We approached this task via singing without consonants. This is a cognitively challenging task, but very productive. It really allowed us to identify which vowels were popping out of the line (mostly ee), which ones needed to maintain greater tonal focus (mostly schwahs in linguistically and/or rhythmically unaccented places), and where the resonant space as a whole could be enhanced by elevating the soft palate (interestingly, the up-tempo song rather than the ballad). For this last one, singing the vowels while holding the nose is a good exercise.

For each song, we spent quite a long time on a relatively short passage of music, digging deep into this technical work. You couldn’t cover a whole song in that depth, but you don’t need to: once you have put in the graft to develop the technical control, you can build upon it in longer passages of music. In quite a lot of what followed the quartet were able to apply the principles of what we’d worked on already, and the few places that needed individual attention for spot-cleaning made themselves readily apparent.

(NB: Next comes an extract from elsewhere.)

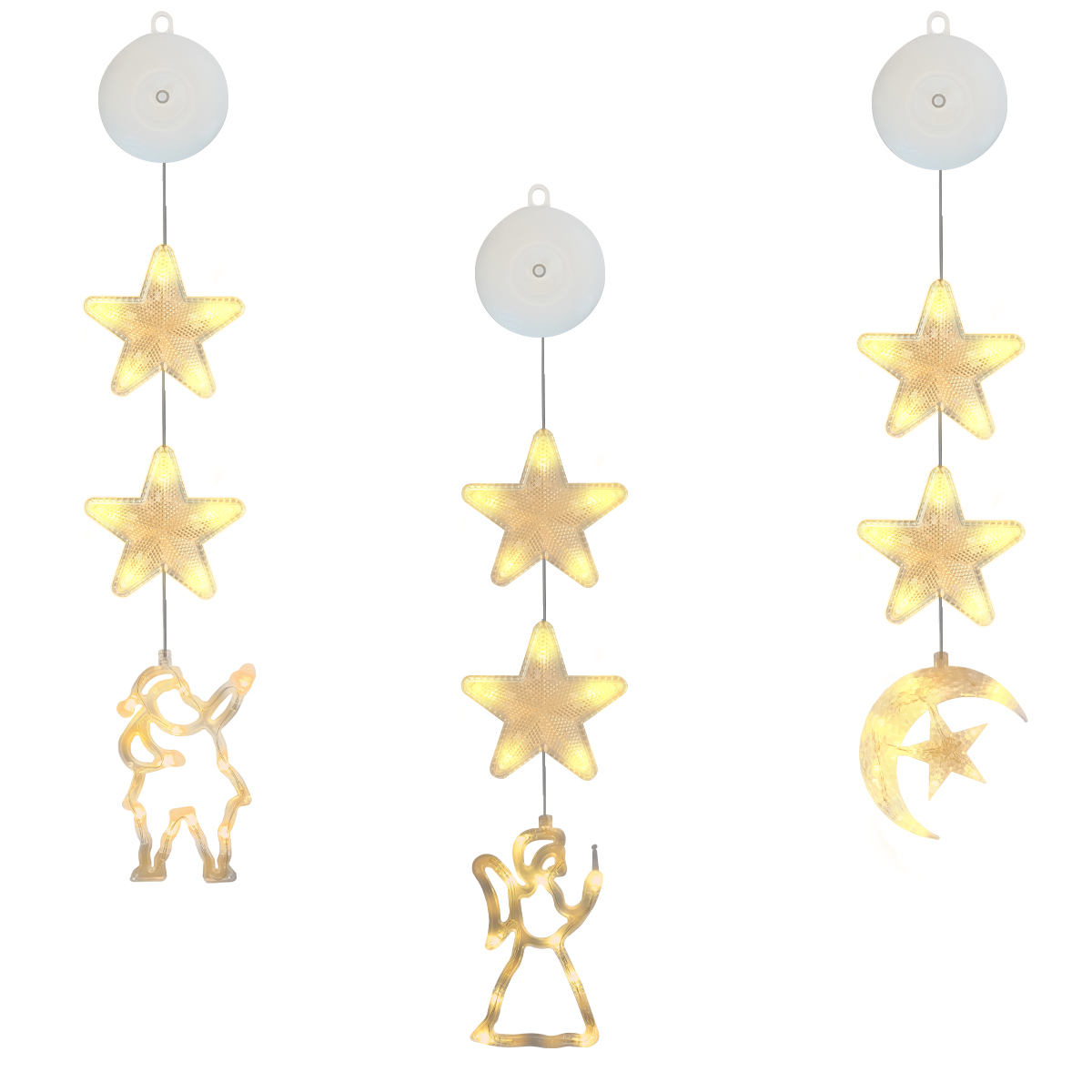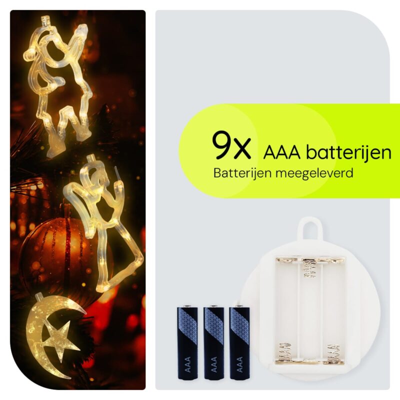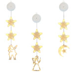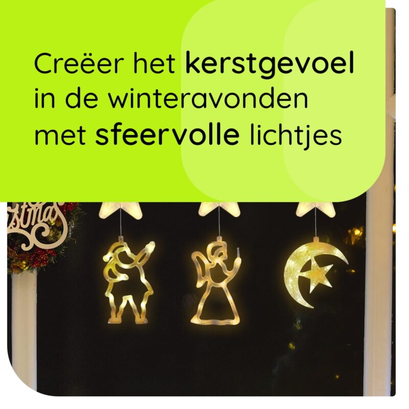 Kerstverlichting set voor het raam met engel, halve maan en kerstman

Part of Project Flow was also about managing accent and emphasis. It was a more continuously fundamental issue in their up-tune, in which establishing a back-beats at the levels of groove, hypermetre, and phrase structure did a lot of the heavy lifting for us. Delivery of lyric, effectiveness of embellishment and musical line all came better into focus as a result. But it also came up in their ballad, where taking the heat out of the downbeat (especially when articulated by the harmony parts around a rest in the melody) allowed the rest of the phrase to reveal a much more natural arc.

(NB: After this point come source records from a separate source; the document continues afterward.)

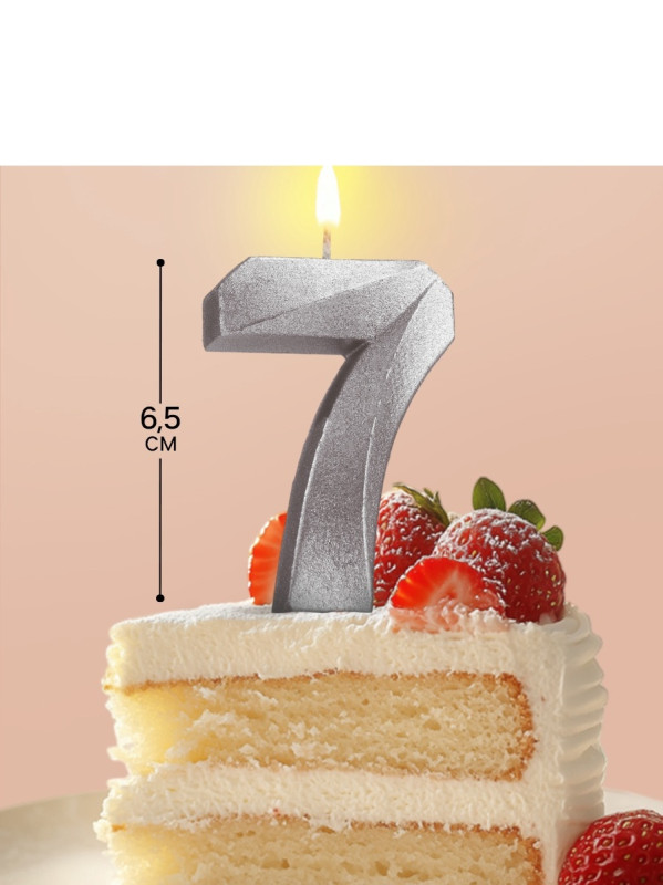 5928501 Свеча в торт "Цифра 7 Серебристый металлик" Высота 6,5 см.
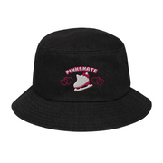The Pinkskate Denim Bucket Hat is so cute you'll wear it all the time. Features excellent embroidery of a cute ice skating boot with a bow. This is a comfortable hat with enough versatility to go with all of your cutest casual outfits.
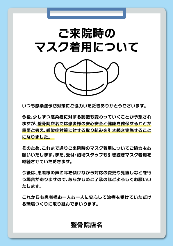 【整骨院・接骨院】3月13日からのマスク着用についてのお願い
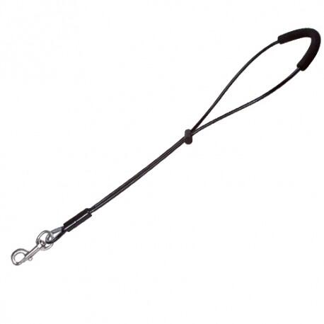 Kraftig strop udført i plastarmeret stålwire med en tykkelse på 5 millimeter. Samlet længde på stroppen er ca. 58 cm. Det er en universalstrop, der fastgøres ved hjælp af en karabinhage og passer på alle trimmebordsgalger. Den glatte overflade gør den behagelig for din hund at have på, samtidigt med at den ikke filtre pelsen.
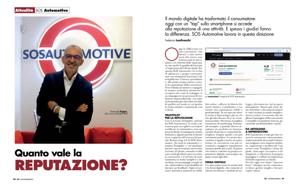 Il mondo digitale ha trasformato il consumatore: oggi con un “tap” sullo smartphone si accede alla reputazione di un’attività. E spesso i giudizi fanno la differenza. SOS Automotive lavora in questa direzione.
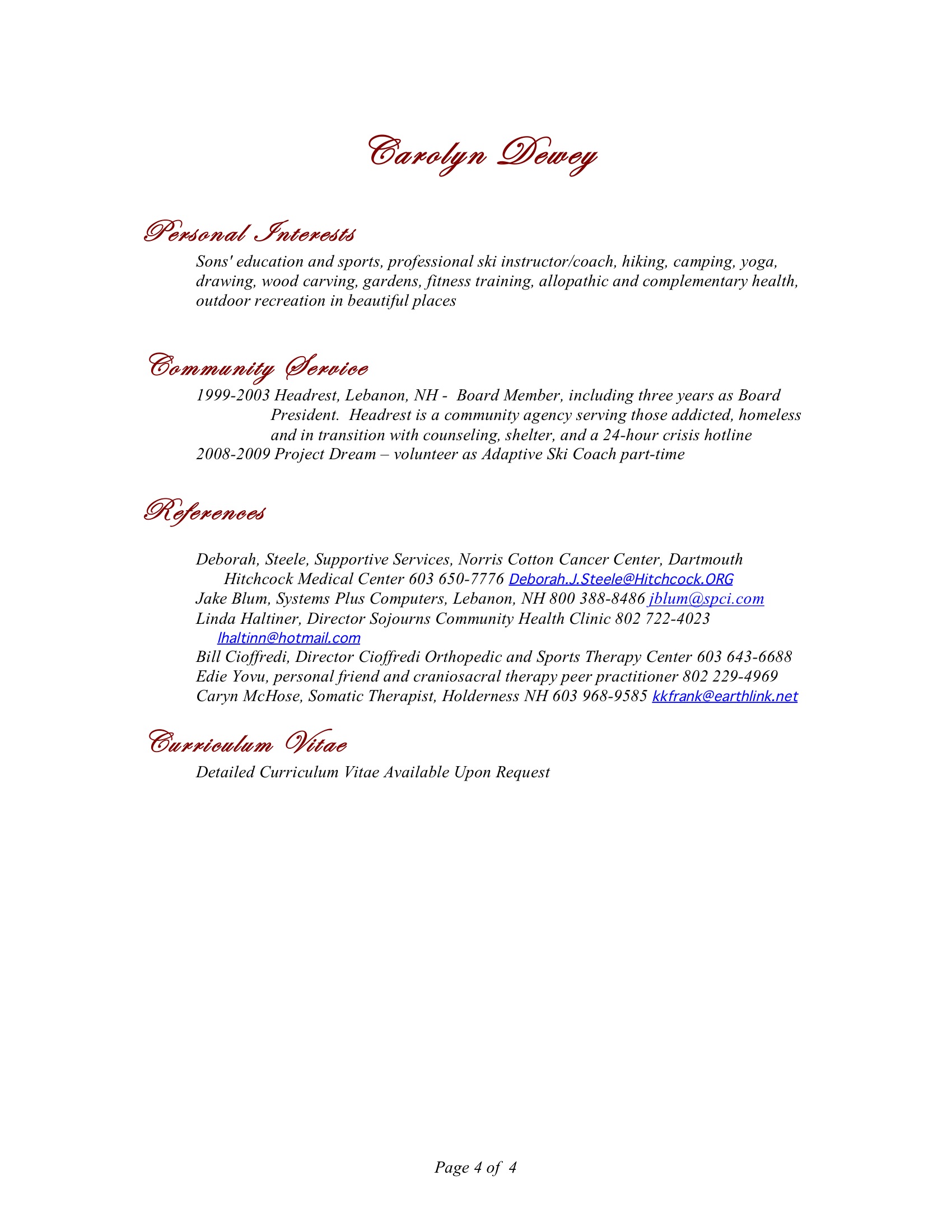Home | Carolyn Dewey | What I Treat | Services | Articles | Seminars | Links | Contact | Blog
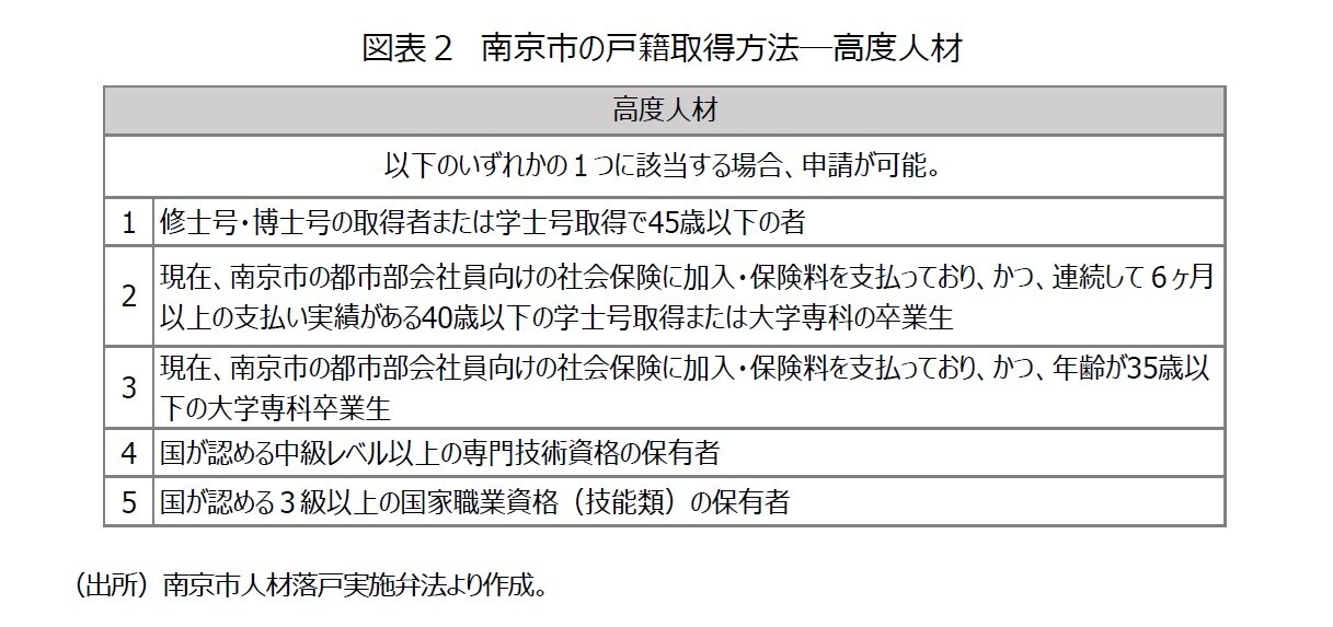 これまで実施されていた高度人材による申請は、大学卒業以上の学歴または高度な技術を持つ45歳以下を対象としており、南京市が必要とする人材を優先している点がうかがえる(図表2)。

Another of our main themes was to attend to phrase boundaries, being as mindful of the transition from music to silence as of that from silence to music. This again was a transferable concept that, once established, could be applied to every breath point. It was interesting how in some contexts this cross-application was more readily achieved than others. When first working on it, one tends to attribute this to intermittent control of the skill and/or intermittent attention given to something still operating at the level of conscious competence. But when a spot resists improvement over two or three tries, it is time to stop and analyse what the obstacle is. This process invariably generates more insight into how the music is shaped at these moments.

One of the things that is rewarding about what appears on the face of it to be quite deep technical work is the way that it allows people’s intuitive musicianship to shine. We did some work on specifically musical questions (the work on hierarchical rhythmic structures in particular), but a lot of the improvements in the musical shaping and delivery were effected by the quartet without my input once we'd cleaned up aspects of execution that hat hitherto been hiding them.

Even when we were focused on specific questions of expressive shape and colour, the process was mostly about me asking what was going on in the emotional arc of the song, and – because they had spent a lot more time thinking about it than I had – eliciting nuanced and insightful analyses. All I had to do then was to invite them to think about that and trust that their voices would reflect their understanding.